WORK REQUEST
Your task is to reproduce the listing exactly, without its images.

DATA SHOWN
[Start of Attachment]

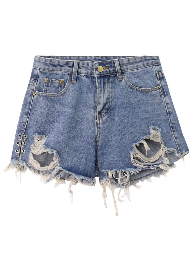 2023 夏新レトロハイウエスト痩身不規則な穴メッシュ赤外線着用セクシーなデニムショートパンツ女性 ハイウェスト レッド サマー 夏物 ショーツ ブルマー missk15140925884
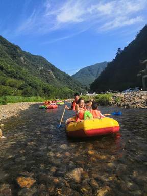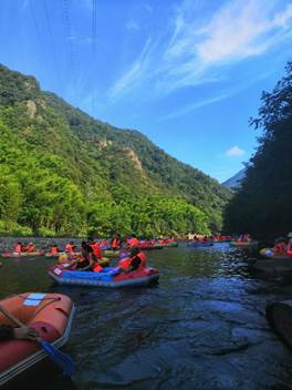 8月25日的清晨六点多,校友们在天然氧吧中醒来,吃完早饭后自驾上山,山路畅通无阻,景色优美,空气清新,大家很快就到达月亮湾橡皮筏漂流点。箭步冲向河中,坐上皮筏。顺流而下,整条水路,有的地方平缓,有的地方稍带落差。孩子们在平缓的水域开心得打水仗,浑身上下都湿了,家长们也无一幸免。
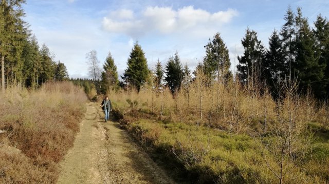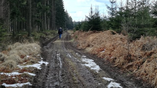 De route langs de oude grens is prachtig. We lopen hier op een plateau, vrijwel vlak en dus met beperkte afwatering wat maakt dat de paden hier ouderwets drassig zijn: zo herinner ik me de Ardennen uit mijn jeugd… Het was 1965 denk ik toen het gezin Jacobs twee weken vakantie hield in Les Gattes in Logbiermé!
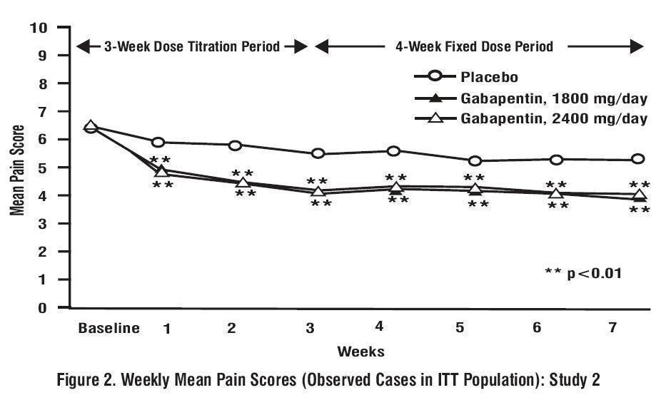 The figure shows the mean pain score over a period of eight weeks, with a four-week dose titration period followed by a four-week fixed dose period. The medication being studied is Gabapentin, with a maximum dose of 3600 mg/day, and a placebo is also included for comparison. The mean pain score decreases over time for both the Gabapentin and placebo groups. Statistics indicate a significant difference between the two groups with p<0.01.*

[End of Attachment]

REPLY
 2023 夏新レトロハイウエスト痩身不規則な穴メッシュ赤外線着用セクシーなデニムショートパンツ女性 ハイウェスト レッド サマー 夏物 ショーツ ブルマー missk15140925884
 8月25日的清晨六点多,校友们在天然氧吧中醒来,吃完早饭后自驾上山,山路畅通无阻,景色优美,空气清新,大家很快就到达月亮湾橡皮筏漂流点。箭步冲向河中,坐上皮筏。顺流而下,整条水路,有的地方平缓,有的地方稍带落差。孩子们在平缓的水域开心得打水仗,浑身上下都湿了,家长们也无一幸免。
 De route langs de oude grens is prachtig. We lopen hier op een plateau, vrijwel vlak en dus met beperkte afwatering wat maakt dat de paden hier ouderwets drassig zijn: zo herinner ik me de Ardennen uit mijn jeugd… Het was 1965 denk ik toen het gezin Jacobs twee weken vakantie hield in Les Gattes in Logbiermé!
 The figure shows the mean pain score over a period of eight weeks, with a four-week dose titration period followed by a four-week fixed dose period. The medication being studied is Gabapentin, with a maximum dose of 3600 mg/day, and a placebo is also included for comparison. The mean pain score decreases over time for both the Gabapentin and placebo groups. Statistics indicate a significant difference between the two groups with p<0.01.*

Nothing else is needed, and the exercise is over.